The Mexico-US border is the most frequently crossed international boundary in the world, with hundreds of millions of legal crossings a year. Mexican novelist Jorge Volpi became interested in the stories of those who cross this border illegally – in particular the horrific experiences of the women from Tenancingo, Tlaxcala who were for years forced, often by their own families, into prostitution in the strawberry fields of California.

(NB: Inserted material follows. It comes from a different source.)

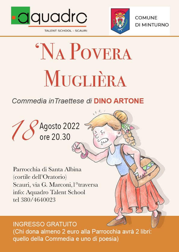 Grande attesa per assistere alla commedia comica in traettese dello scrittore e poeta Dino Artone, di professione medico chirurgo – direttore sanitario nella ASL di Latina, in atto unico “Na povera muglièra” avvalendosi di una brava attrice quale è Marina Casaburi, e di un segretario imbranato quale è chi scrive. Lo spettacolo sarà aperto e chiuso da un canto “La Mugliera”, eseguito dai ragazzi del Coro di Aquadro Talent School, diretti da Maria Civita Frate, che canteranno questa canzone in parte ridotta di Da Vinci – Lazzaro. Il protagonista avvocato Consiglio Carastuso duetterà con una donna del popolo che ha avuto quattro mariti e quattro figli. E’ un lavoro brioso e divertente, impreziosito dalla recitazione dell’autore stesso e della donna che si rivolge al suo studio. Un appuntamento da non perdere e che si deve alla disponibilità preziosa del parroco don Antonio Cairo. Il saluto del Comune di Minturno che ha patrocinato l’evento sarà portato dalla professoressa Rita Alicandro, assessore alla cultura e alla pubblica istruzione. I figli dell’autore hanno fatto la loro parte, dal disegno della brava Lara Artone all’l’organizzazione di Alfonso Artone, direttore della Aquadro, talent school di Scauri. Preziosa anche Emanuela Artone.

Soprano Susan Narucki, also the moving soloist here, commissioned an opera libretto by Volpi on the subject. Its four scenes, each essentially a monologue, feature viewpoints of four women, each by a different composer – two Mexican, two American. In this committed performance, it’s strikingly effective; even better, I imagine, heard and seen live. Scored for soprano, guitar, percussion and piano, the stark soundworld is a good match for the bleak subject matter. Hebert Vásquez draws on the Mexican corrido – a ballad-type song or poem – with piano and guitar jostling in aptly unsettling fashion while the narrator, Acuzena, sings of women ‘bought and sold to appease men’s hunger and lust’. Arlene Sierra gives us the sounds of horses and a panicked heartbeat in her portrait of the guilt-ridden trafficker Dalia. Lei Liang’s ‘Rose’ is the only scene in English, a slow drumbeat underscoring a police statement whose facts are devastatingly powerful. Hilda Paredes’s ‘La Tierra del Miel’ is the longest of the quartet, in which Violeta recounts the tragic fate of the murdered Iris. This isn’t an easy listen or easy subject matter, but then what excuse do we have to look away?